On comptait, dit le Registre de paroisse, avant la Révolution, 30 édifices religieux sur tout le territoire de la paroisse de Plestin-les-Grèves et de sa trève de Trémel. En défalquant les deux églises paroissiales et trèviale, il y avait donc 28 chapelles qui étaient :

- 7 chapelles dédiées à des saints locaux : Saint-Efflam (XV - XVIIIème siècle, reconstruite en 1883), Saint-Jestin, Sainte-Henora, Saint-Maudez, Saint-Yves, Saint-Harant (1706) et Saint-Mélar (de Keranauffret). 

Note 3 : La chapelle Saint-Garan ou Saint-Haran est une chapelle fort ancienne qui était en ruines en 1703 et dont l'évêque de Tréguier autorisa la reconstruction le 13 juillet 1706. Elle porte dans le pavage un cartouche portant la date de 1743 date de la facture de celui-ci. Vendue le 29 octobre 1806 à Yves Thomas, prêtre, elle fut donnée par lui à la fabrique le 5 juin 1816. L'acte de donation mentionne la chapelle avec son cimetière et divers objets de culte : un calice avec sa patène, 4 chasubles, 3 aubes et 2 surplis. De plan rectangulaire avec petit clocheton surmontant le pignon ouest, elle renferme les statues anciennes de saint Haran, saint Everzin (compagnons de saint Efflam), saint Herbot (en 1940) et saint Yves (en 1940). La chapelle a été restaurée par les habitants du quartier en 1946 et au début du XXIème siècle (voûte, lambris, peinture).

Note 4 : L'ancienne chapelle Saint-Yves, aujourd'hui détruite. Elle est encore mentionnée existante en 1822. Les statues qu'elle renfermait sont, en 1940, au manoir voisin du Marc'hallac'h (R. Couffon).

Note 5 : L'ancienne chapelle Saint-Maudez, au village de Locmaudez et aujourd'hui détruite. Elle relevait du manoir de Kervidonné qui avait en outre une chapelle particulière également détruite (R. Couffon).

Note 6 : L'ancienne chapelle Sainte-Henora, aujourd'hui détruite. Elle relevait de la métairie de Lesargon et est mentionnée fort anciennement. Déjà en ruines en 1802, elle a aujourd'hui disparu (R. Couffon).

Note 7 : L'ancienne chapelle Saint-Gestin, près de Penanvern. déjà en ruines en 1802. Aujourd'hui disparue (R. Couffon).

Note 8 : L'ancienne chapelle de Saint-Mélar, aujourd'hui disparue.
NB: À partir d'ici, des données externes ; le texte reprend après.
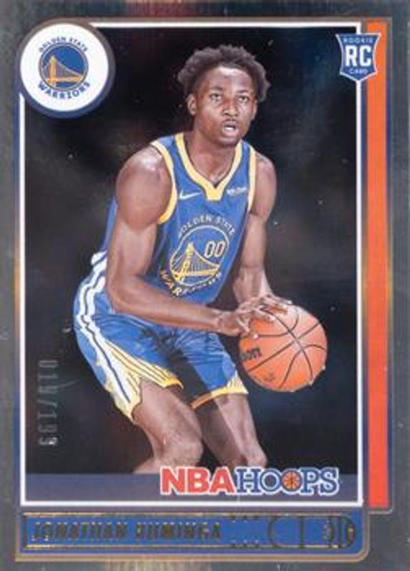 The Jonathan Kuminga 2021 Hoops #219 Premium Box Set /199 Rookie card is 1 of 46 Jonathan Kuminga's card variations in the 2021 Hoops set being tracked by Sports Card Investor, including Base, Anniversary Edition, Blue, Green Ice, and Hyper Blue.

- 2 chapelles de monastères : Saint-Jacut (édifiée en 1487-1496 par Etienne Beaumanoir, elle possède un clocher mur à une chambre de cloche) et la chapelle de Guernevez au Coz-Wenach dont le vocable n'est pas connu.

- 3 chapelles de saints romains : Saint-Sébastien (fin XVème siècle, le clocher mur possède une chambre de cloche), Saint-Claude et Saint-Morice (ou Saint-Maurice).
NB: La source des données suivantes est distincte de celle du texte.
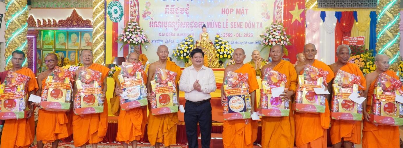Chiều 19/9, Hội Đoàn kết Sư sãi yêu nước tỉnh An Giang tổ chức họp mặt mừng lễ Sene Đôn Ta năm 2025. Ủy viên Ban Thường vụ Tỉnh ủy, Trưởng Ban Tuyên giáo và Dân vận Tỉnh ủy An Giang Tống Phước Trường đến dự.

Note 9 : La chapelle Saint-Sébastien est un édifice de la fin du XVème siècle en forme de tau avec clocheton. Il fut vendu le 21 frimaire an IX, et a été restauré à plusieurs reprises. Au-dessus de la sacristie inscription : F. F. P. MESSIRE PICART F. HENRY Y. GALOU. En 1940, on mentionne des statues anciennes : Crucifix, Christ de Pitié, sainte Vierge, saint Sébastien (R. Couffon).
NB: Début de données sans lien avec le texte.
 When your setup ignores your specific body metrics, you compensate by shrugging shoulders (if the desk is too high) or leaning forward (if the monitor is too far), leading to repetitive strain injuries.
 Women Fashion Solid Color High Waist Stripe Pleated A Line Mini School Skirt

Note 10 : L'ancienne chapelle Saint-Maurice, détruite. Elle avait été érigée en chapelle de secours le 25 nivôse an XII.

- 3 chapelles servant de lieu de pèlerinage ou dédiées à une intention spéciale : Notre-Dame de la Mer ou de Lancarré (patronne de la mer), Sainte-Barbe (patronne des gardes-côtes, datée de 1609 et réparée en 1732), et Saint-Roch (saint protecteur contre les épidémies, datée de 1621, propriété au XVIIème siècle des seigneurs de Coat-Carric ou Coatgaric, le clocher mur est à lanternon). 

Note 11 : La chapelle de Lancarré est dédiée à Notre-Dame et à la Sainte Trinité. Elle était fort ancienne et débattue en 1261 entre les moines du Mont Saint-Michel, comme dépendant de leur prieuré de Roch'Hirglas, et le recteur de Plestin. Elle a été détruite peu après la Révolution.

Note 12 : La chapelle Sainte-Barbe est un petit édifice rectangulaire avec chapelle adjacente au nord du choeur et porche au sud. Le clocheton porte la date de 1609. A la Révolution, elle appartenait à l'hôpital de Morlaix et fut vendue comme bien national au citoyen Cosquer ; elle fut donnée à la fabrique le 7 décembre 1823. Elle renferme une belle poutre de gloire et les statues anciennes de sainte Barbe (XVIIème siècle), sainte Appoline, saint Roch, saint Louis, saint Marc et du Dieu de Pitié, toutes bénies en 1698.

Note 13 : La chapelle Saint-Roch est une fondation des seigneurs de Coatgaric. — L'édifice actuel, de plan rectangulaire, a été bénit le 23 avril 1621. Mentionné en mauvais état en 1782, il a été restauré à l'époque moderne et sert de chapelle funéraire à la maison du Lezart. Il renferme en 1940 les statues de saint Roch et de saint Cado (R. Couffon).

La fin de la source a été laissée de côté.